MEMORANDUM OF DECISION MOTION TO STRIKE (# 171)
FACTS
On May 16, 2012, the plaintiffs, Robert and Alene Giannaccio, filed a six-count complaint against the defendants, Jansen & Rogan Consulting Engineers, PC (Jansen & Rogan) and Antinozzi Associates, PC (Antinozzi Associates). The plaintiffs have alleged the following facts. Between December 1995 and March 1996, Jansen & Rogan designed and supervised the construction of a suspended metal catwalk around a cooling tower on top of a building. On May 17, 2010, Robert Giannaccio was making repairs to the tower when a section of the suspended catwalk gave way beneath him, which caused him to fall fifteen feet and sustain serious injuries. As a result, he has lost income, has incurred medical expenses, will likely require medical treatment in the future, and is unable to return to his normal activities.
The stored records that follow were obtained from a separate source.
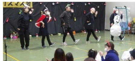
『クリスマスの歌がきこえてくるよ』
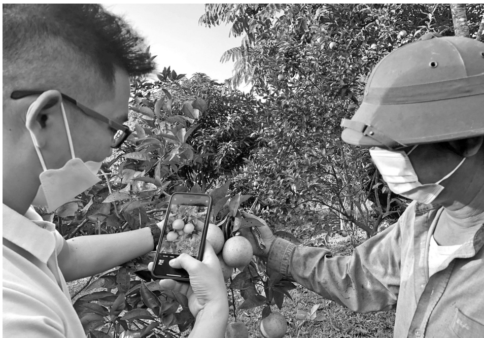
Tăng cường tiêu thụ sản phẩm cho bà con trên nền tảng thương mại điện tử

Năm 2025, Sở Công Thương Yên Bái sẽ phối hợp với các tổ chức và các đơn vị liên quan, triển khai nhiều hoạt động thiết thực để hỗ trợ doanh nghiệp, hợp tác xã, các hộ dân tham gia các chương trình của Cuộc vận động “Người Việt Nam ưu tiên dùng hàng Việt Nam”. Đồng thời, tổ chức các buổi tọa đàm, hội thảo giúp hợp tác xã, hộ nông dân trang bị kiến thức về thị trường, nâng cao kỹ năng xây dựng thương hiệu cho sản phẩm.
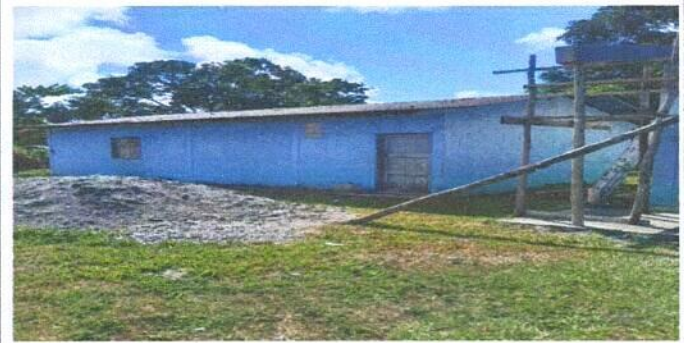
Foto 2: Techado general por laminas troqueladas y parte de estructuras metalicas.
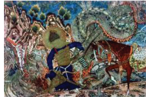
تصویر ۵. بهرام گور شمشیر خود را در سینه اژدها فرو می‌برد، شاهنامه بزرگ، مکتب تبریز، مجموعه رینی راجرز، دوره ایلخانی ۷۴۰ ه.ق

۲۸. نبرد گشتاسب با اژدها در شاهنامه‌ای متعلق به ۱۰۰۷-۹۸۷ هجری نیز وجود دارد.
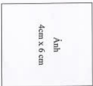
Ảnh 4cm x 6 cm
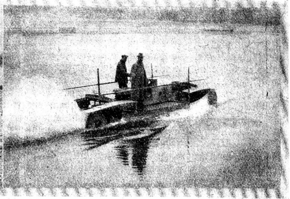
Das schwimmende Automobil von Vargoz.

Stadt Bern und in unserer aufgeklärten Zeit noch möglich sind, das berührt mein Gerechtigkeitsgefühl (oder wie man sich neuerdings ausdrückt, mein soziales Gewissen), und ich denke schon an Wohnungsrationierung und ähnliche Dinge. Doch die Frau erzählt weiter, ohne meine Gedanken zu merken. Und zwar kommt kein Klagen und kein Schimpfen, sondern eher ein Rühmen. Sie ist froh, daß sie gesund ist und jeden Tag verdienen kann für Mann und Kinder. Sie ist Abwaschfrau in einer Konditorei und kann jeden Abend ihren Kindern noch etwas zu essen heimbringen. Mit Freuden zeigt sie mir das Kesselfchen, in dem sie die Speisen heimträgt. Und über ihre Dachkammer schimpft sie nicht und neidet nicht der andern schöne Wohnungen. Denn in diese Kammer scheint Tag für Tag die Sonne, und darüber ist sie froh und glücklich. Mehr als einmal muß sie mir sagen, wie schön die Sonne hineinscheint. Nachdem sich die Türe hinter der reichen armen Frau geschlossen hat, muß ich ein Weilchen den Kopf in die Hand stützen, in mich hineinschauen und mich fragen: Hat nicht die Frau in ihrem Innern die wahre Sonne, die man allen Menschen wünschen möchte. Und ich fühle in mir den Wunsch, diese Sonne auch zu besitzen.
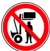
2.10. nestāvēt zem kravas
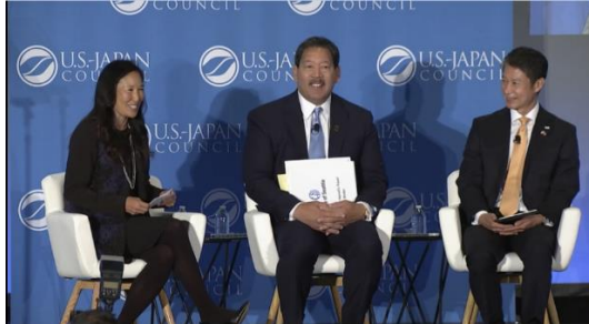
シアトル市長との対談

日米政財界のトップ層や現地企業など、総会参加者約 600 名に対して、G7 広島サミットの成果として、平和のメッセージの発信、広島の認知度の向上、若い世代の参加という 3 つの目的を達成したことを PR するとともに、シアトル市長との対談を通じて、地域から行う外交の重要性について認識を共有した。
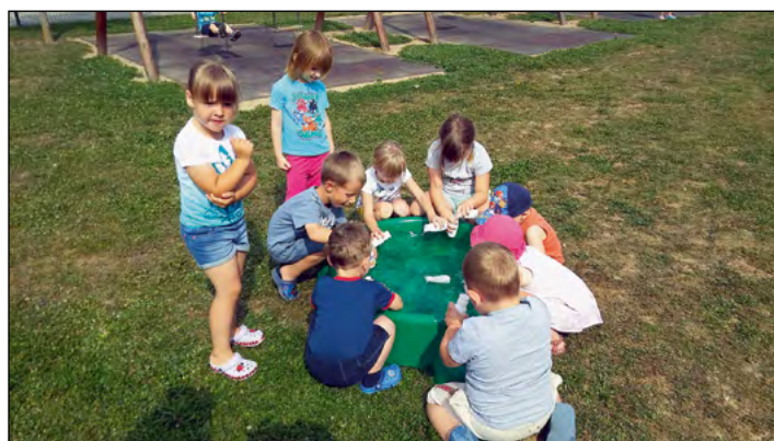
Poletni utrinki iz vrta

In count one, the plaintiffs allege, inter alia, that Jansen & Rogan was negligent in that it failed to properly design the catwalk, failed to properly supervise the catwalk's construction, failed to inspect the catwalk after it was erected, failed to properly maintain the catwalk, knew or should have known that the catwalk was defective and dangerous, breached its warranties of merchantability and fitness, failed to alert anyone of the latent defect it created when it designed a catwalk without metal fasteners, and failed to remedy the defective condition of the catwalk. The plaintiffs also allege that Jansen & Rogan had a continuous and ongoing legal obligation to remedy the defect. The second count is a claim of fraudulent concealment and includes allegations that Jansen & Rogan knew that it failed to properly design the catwalk, and thus, that it was unsafe for use, but intentionally concealed the catwalk's defective condition in order to shield itself from liability. The third count is Alene Giannaccio's claim for loss of consortium as to Jansen & Rogan, which is premised on the allegation that the harms and losses sustained by her husband, Robert Giannaccio, have resulted, inter alia, in the loss of financial support and companionship. Counts four, five, and six of the plaintiffs' complaint are directed toward Antinozzi Associates and repeat the allegations set forth in counts one, two, and three, respectively. On September 27, 2012 and September 28, 2012, the defendants filed two separate motions to strike the counts directed toward them (Docket Entry Nos. # 118, 120). By way of two November 19, 2012 orders, the court, Zemetis, J., granted the defendants' motions with regard to counts two and five of the plaintiffs' complaint—the counts alleging that the defendants fraudulently concealed a defect in the subject catwalk—on the ground that fraudulent concealment in avoidance of the statute of repose must be specially pleaded in a reply, rather than as a separate cause of action.1
The defendants subsequently filed answers to the plaintiffs' complaint (Docket Entry Nos. # 129, 134) on November 21, 2012 and January 8, 2013. In their answers, the defendants deny the substantive allegations of the plaintiffs' complaint with regard to the remaining counts and assert, as a special defense, that the plaintiff's claims are barred by General Statutes § 52–584a, which is a seven-year statute of repose that applies to actions against design professionals. In replies filed on November 27, 2012 and January 11, 2013 (Docket Entry Nos. # 130, 136), the plaintiffs denied each allegation contained in the defendants' special defenses.2
On June 24, 2013, the plaintiffs filed amended replies (Docket Entry Nos. # 167, 168) to the defendants' special defenses in order to include the following statement in each reply: “The defendant is barred from defeating the plaintiffs' claims pursuant to the statute of limitations by the [d]octrine of [f]raudulent [c]oncealment. The defendant ․ was aware of the defective catwalk prior to the time ․ [Robert Giannaccio] was injured, yet the defendant intentionally concealed the existence of the defect from the plaintiff and failed to properly remedy same.” Pls.' Am. Reply to Defs.' Spec. Defenses. In so doing, the plaintiffs argue that counts two and five were originally stricken because the court “advised that the [plaintiffs'] claim[s] for fraudulent concealment w[ere] more properly [pleaded] as a reply to the defendants' [s]pecial [d]efense.” Pls.' Req. to File Am. Reply 1.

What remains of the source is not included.